Гляжу на луну в окошко,

Я голову опускаю —

И родину вспоминаю *

* Пер. А. Гитовича.



Слезы брызнули на зимнюю бумагу, рукав халата стал мокрым. Не помню, сколько сидел так, сокрушаясь, скорбя о горькой судьбе отца, восхищаясь величием его духа.

«Взирай на знаки небесные, дабы познать смену времен; взирай на знаки человеческие, дабы изменить к лучшему Поднебесную!» — начертано в «Книге перемен».

Фу-си создал человеческие письмена, устремив взор на образы неба, устремив взор на узоры земли. Так же велик, как Фу-си, Ли-Небожитель.

Вот он поднял глаза: сразу вобрал в зрачки небо с Млечным путем, луной, звездами, в бесконечный путь устремился туда, где ни формы, ни узора — только четыре стороны света, верх и низ, минувшее и сегодняшнее, где длительность и длина подобны двум балкам, лежащим крестом в основании кровли.

Вот он опустил глаза: сразу вобрал в зрачки землю, все деревья и травы, коим присуща жизнь; всех птиц, рыб и зверей, коим присущи жизнь и сознание; всех людей, коим присущи жизнь, сознание и долг- справедливость. Здесь от слова до слова можно загнать коня, но попробуйте вонзить между знаками острие ножа — железо сломается. У кого, скажите, язык так свеж и необъятен? Кто еще одним взмахом кисти повесил на крюк завесу между бытием и небытием?

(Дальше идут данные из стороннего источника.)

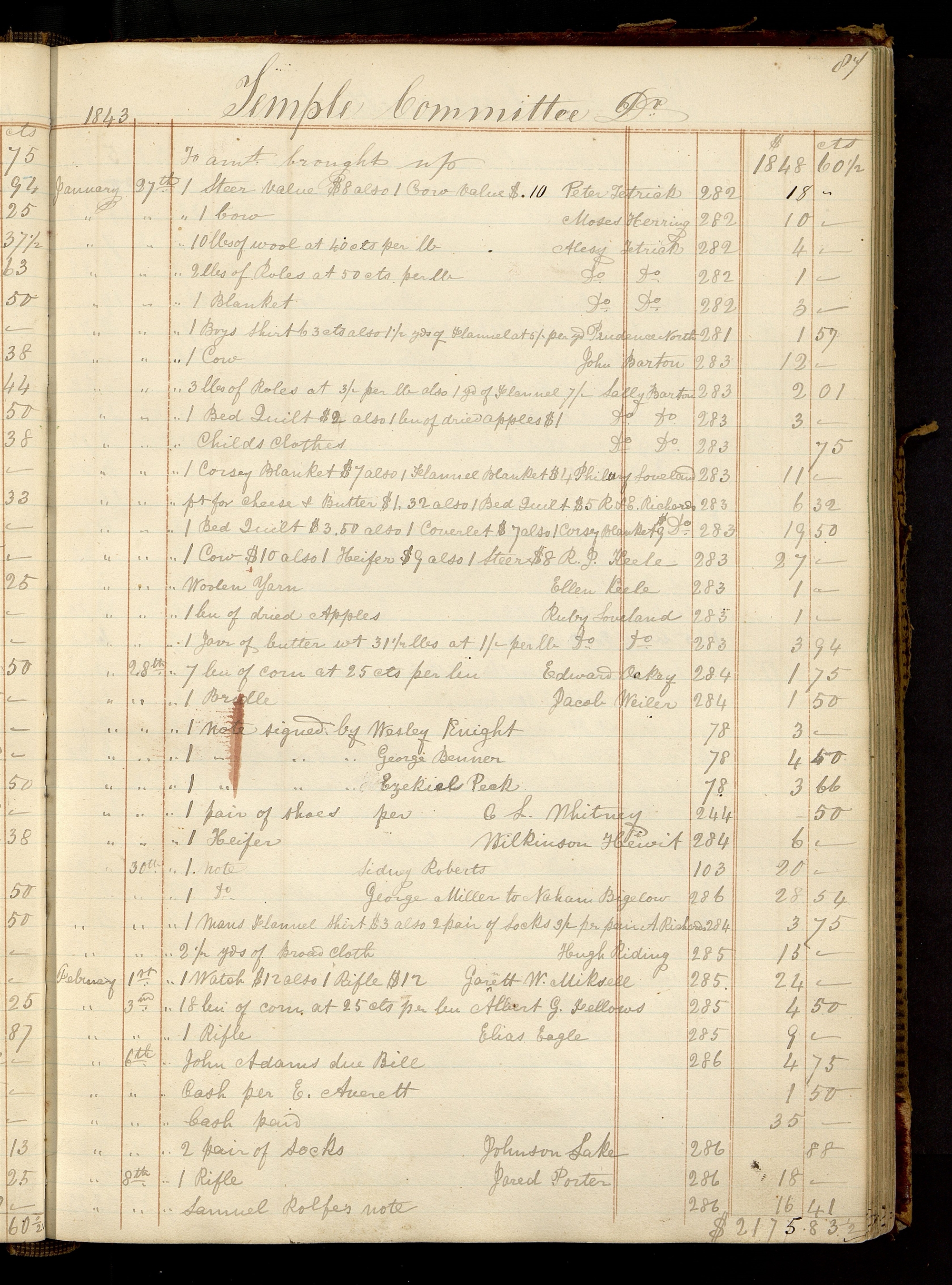 | [January 27th.] | [To] p[ar]t for cheese & Butter $1.32 also 1 Bed Quilt $5.00 | R[uth Richards] & E[lsey] Richards | 283 | 6.32 |

Как же, неотесанный, я смел подумать, что отец станет попусту водить кистью, бессмысленно марая бумагу? Как я, слепец, не разглядел перемены и движения, линии и узоры! Печалюсь и корю себя, что не смог увидеть сокровенное в строках отца, хотя столько раз держал их перед глазами и читал громко, нараспев. Как же после этого называться почтительным сыном? Ведь этот свиток — память об отце, он протянул его мне через всю Поднебесную, словно посох слепцу. Какого знака ни коснешься зрачком, каждый отзывается, как колокол. Как он велик! Поднял голову — небо, опустил голову — земля.

Люди редки, трава густа. Безымянные путники поле прошли, а следы их шагов остались. Во времена раздора редко совершенство строк: одни не видят небо, другие не видят землю. И сейчас в ином мире, среди бессмертных, отец поднимает глаза... опускает глаза...

Бережно свернул свиток. Взял потемневшую коробочку золотистого лака, в ней красные бобы старого чечеточника. Сян сы доу [2 Китайское название бобов чечеточника. «Сян сы доу! — Помни тысячу лет!»]. Разве в этой жизни и во всех перерождениях забуду вас, отец?! Но смотрю на красные бобы и не понять, какие же тогда собрали вы...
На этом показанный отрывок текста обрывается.